*Exercise goal:*
Repeat exactly the lines running from the first line of the data to the line containing "Rockhampton Clay Target", both ends included, and nothing else; drop the pictures.

*Information supplied:*
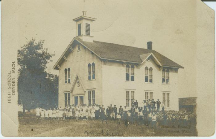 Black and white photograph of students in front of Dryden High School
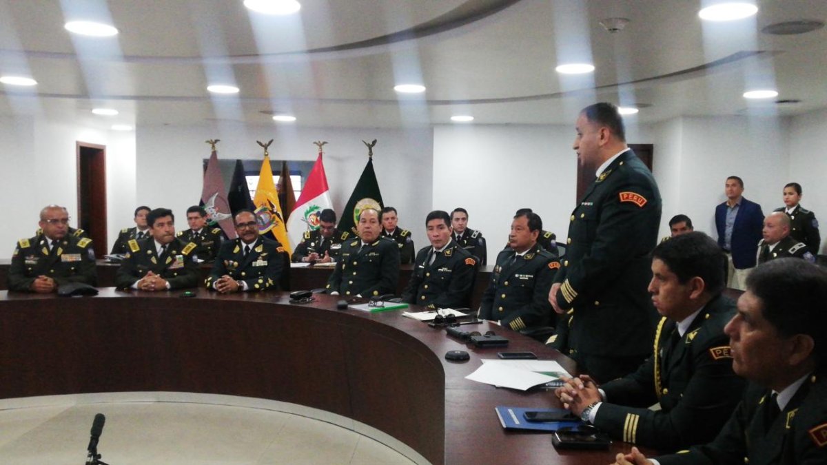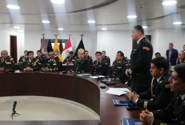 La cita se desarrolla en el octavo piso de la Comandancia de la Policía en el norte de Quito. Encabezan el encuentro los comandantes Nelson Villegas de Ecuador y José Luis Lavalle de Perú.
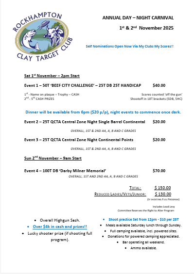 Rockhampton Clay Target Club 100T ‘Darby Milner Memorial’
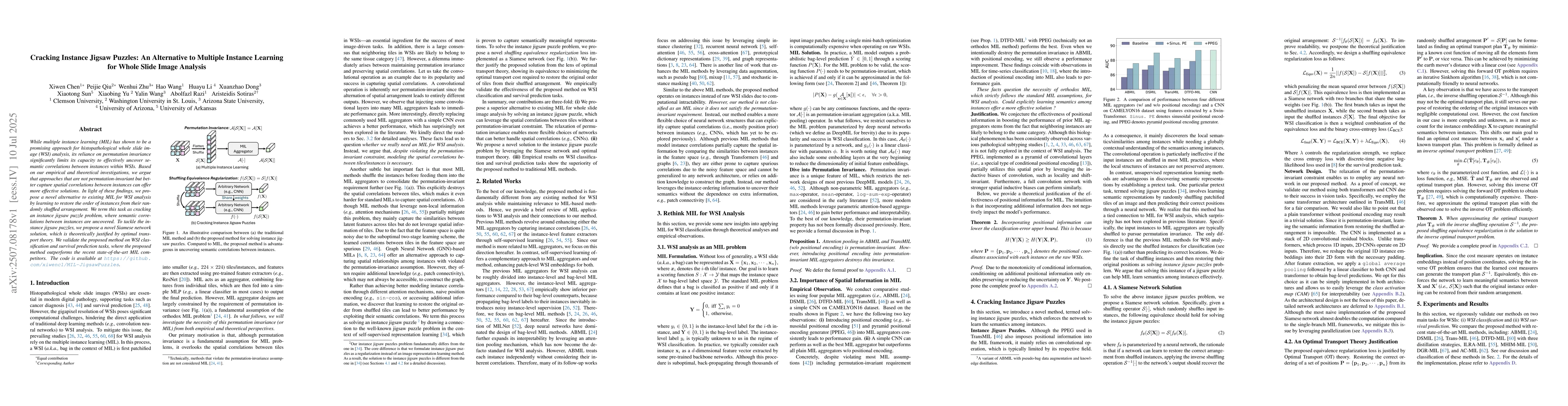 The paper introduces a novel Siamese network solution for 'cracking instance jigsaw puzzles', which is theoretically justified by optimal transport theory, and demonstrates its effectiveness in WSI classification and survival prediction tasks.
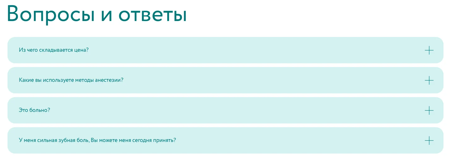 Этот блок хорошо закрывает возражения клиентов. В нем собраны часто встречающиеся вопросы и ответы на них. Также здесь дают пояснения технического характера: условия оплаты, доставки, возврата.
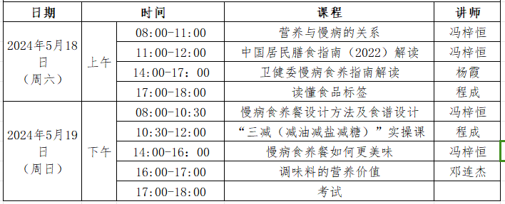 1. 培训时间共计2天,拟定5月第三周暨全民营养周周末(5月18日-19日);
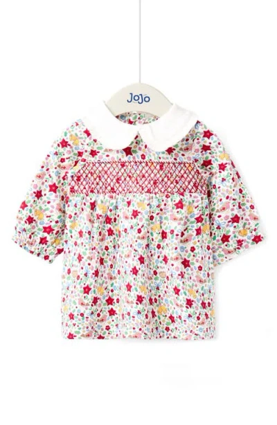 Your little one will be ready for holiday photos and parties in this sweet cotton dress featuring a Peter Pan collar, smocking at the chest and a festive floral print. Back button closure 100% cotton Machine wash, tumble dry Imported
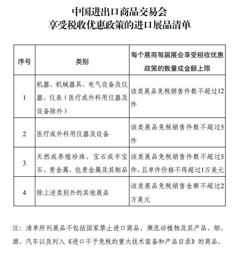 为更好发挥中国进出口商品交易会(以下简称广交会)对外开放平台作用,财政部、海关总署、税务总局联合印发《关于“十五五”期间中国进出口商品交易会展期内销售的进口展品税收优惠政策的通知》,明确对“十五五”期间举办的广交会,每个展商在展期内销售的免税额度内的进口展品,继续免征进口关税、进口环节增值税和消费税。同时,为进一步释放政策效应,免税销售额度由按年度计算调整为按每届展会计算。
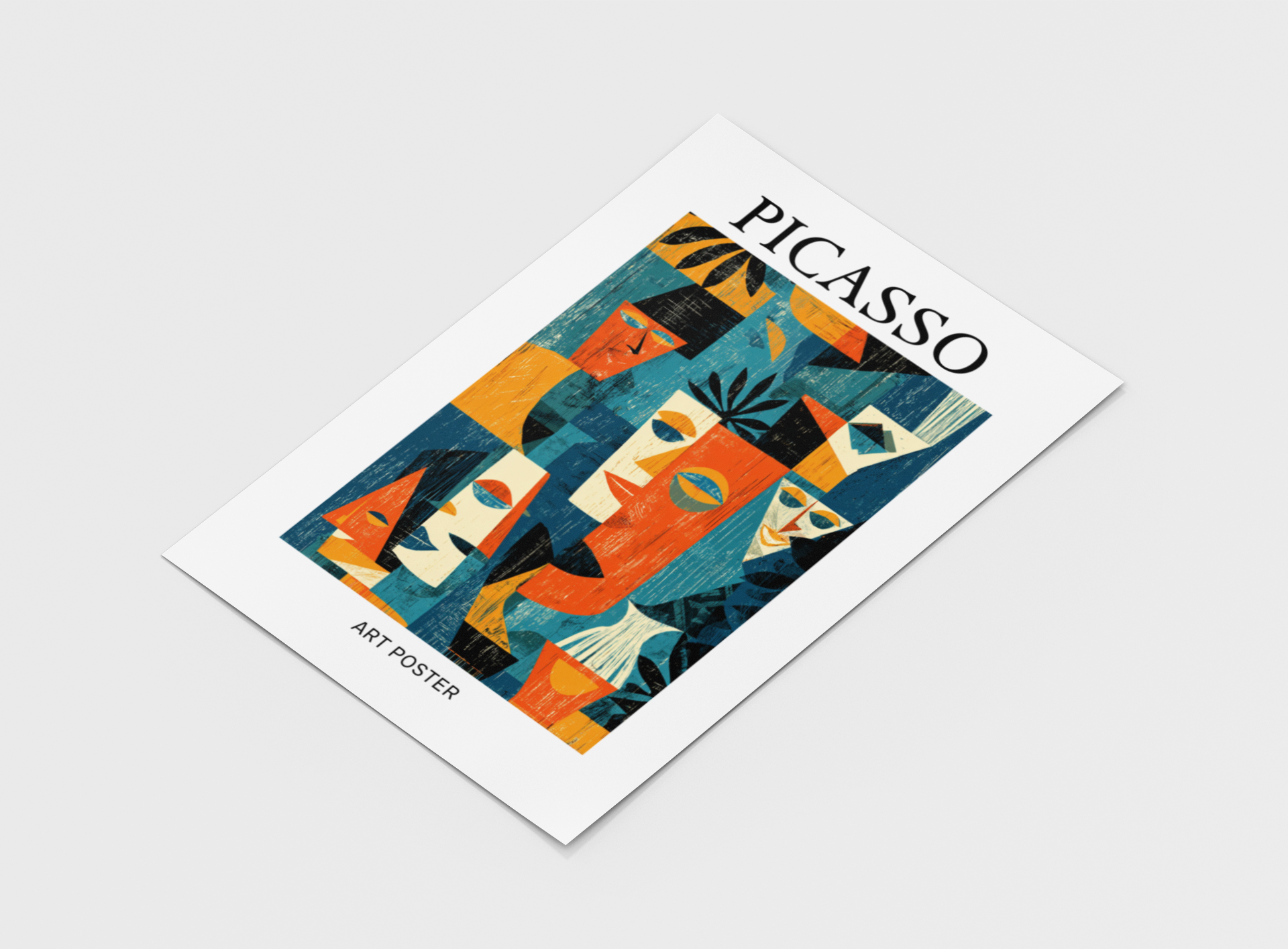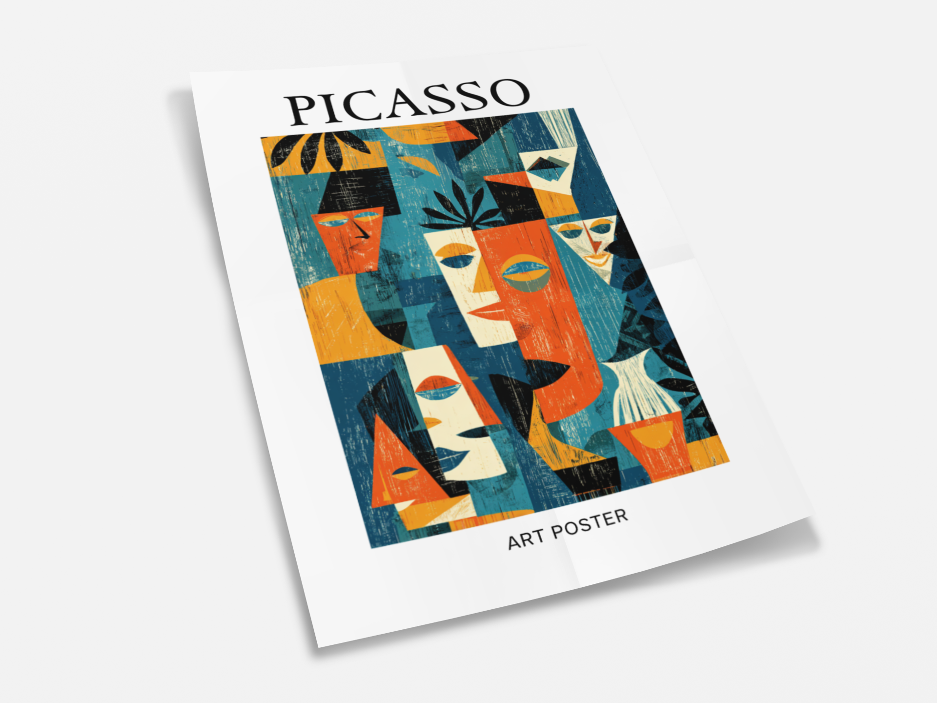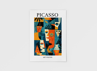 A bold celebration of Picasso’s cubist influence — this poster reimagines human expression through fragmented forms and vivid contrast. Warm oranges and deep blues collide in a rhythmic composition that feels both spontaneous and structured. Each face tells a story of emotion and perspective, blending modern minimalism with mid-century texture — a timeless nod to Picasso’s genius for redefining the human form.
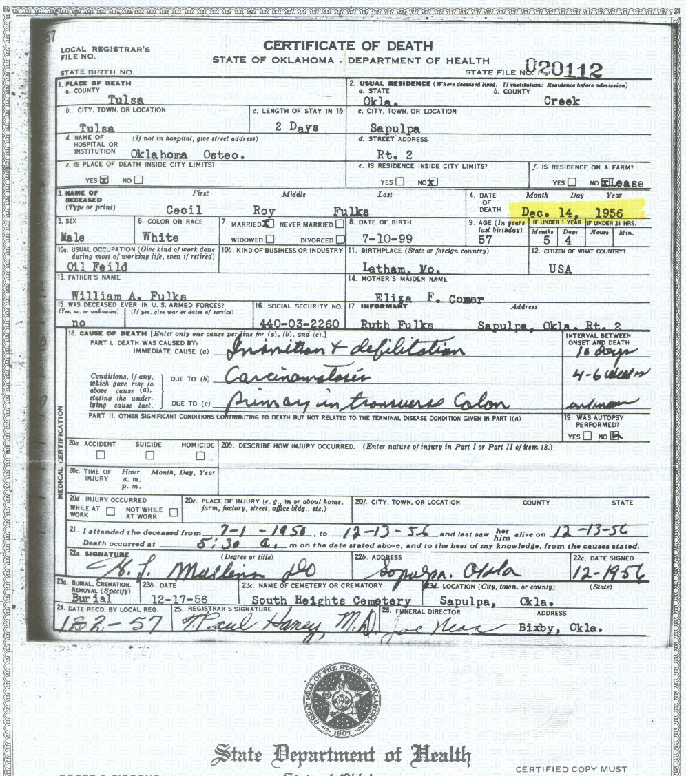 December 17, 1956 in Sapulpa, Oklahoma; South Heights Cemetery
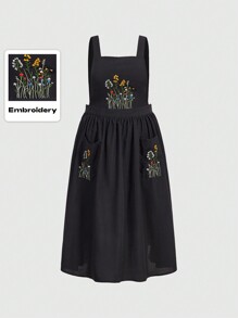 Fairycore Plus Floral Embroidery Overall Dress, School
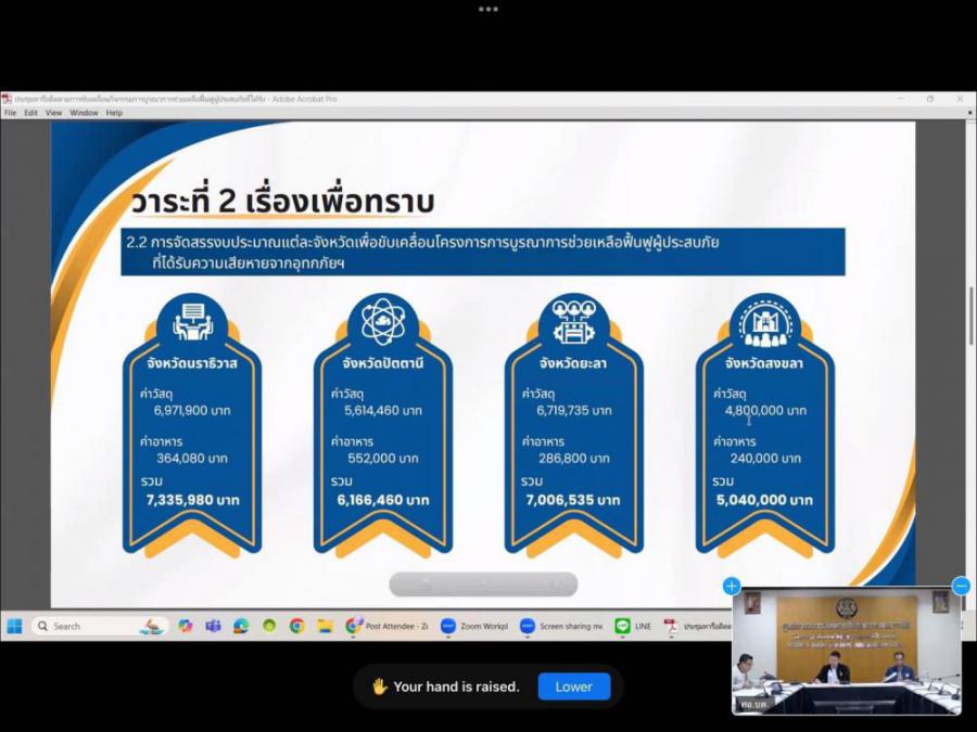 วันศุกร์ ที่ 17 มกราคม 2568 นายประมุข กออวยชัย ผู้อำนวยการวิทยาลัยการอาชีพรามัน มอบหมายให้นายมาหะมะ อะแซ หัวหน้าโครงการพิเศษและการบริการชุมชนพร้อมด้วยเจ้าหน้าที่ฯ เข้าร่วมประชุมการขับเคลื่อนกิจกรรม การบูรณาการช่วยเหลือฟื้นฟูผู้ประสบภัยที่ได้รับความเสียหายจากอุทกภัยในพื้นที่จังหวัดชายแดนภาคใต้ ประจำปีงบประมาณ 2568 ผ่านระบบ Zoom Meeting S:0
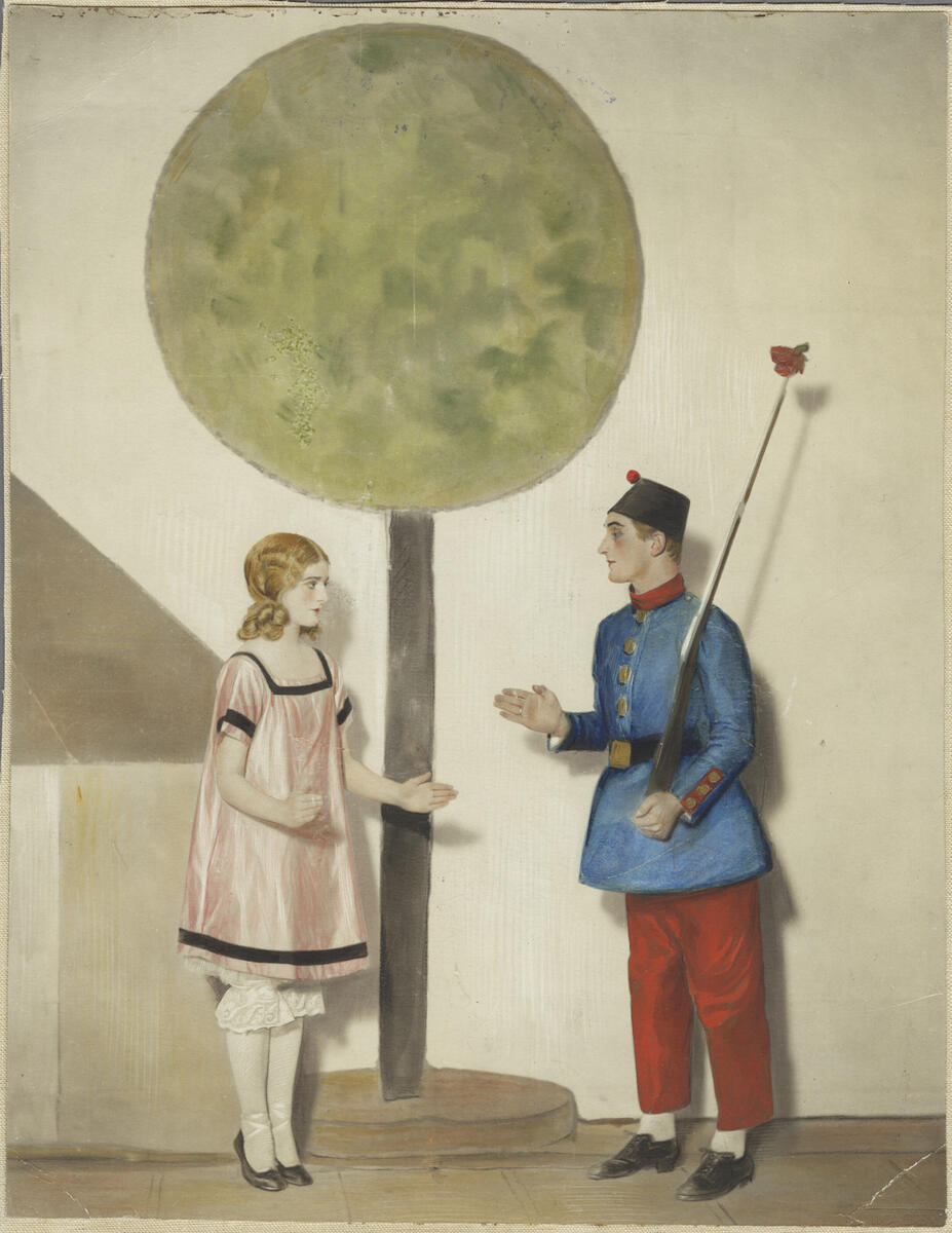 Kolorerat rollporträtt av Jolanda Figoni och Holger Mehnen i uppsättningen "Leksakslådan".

*Your response:*
 Black and white photograph of students in front of Dryden High School
 La cita se desarrolla en el octavo piso de la Comandancia de la Policía en el norte de Quito. Encabezan el encuentro los comandantes Nelson Villegas de Ecuador y José Luis Lavalle de Perú.
 Rockhampton Clay Target Club 100T ‘Darby Milner Memorial’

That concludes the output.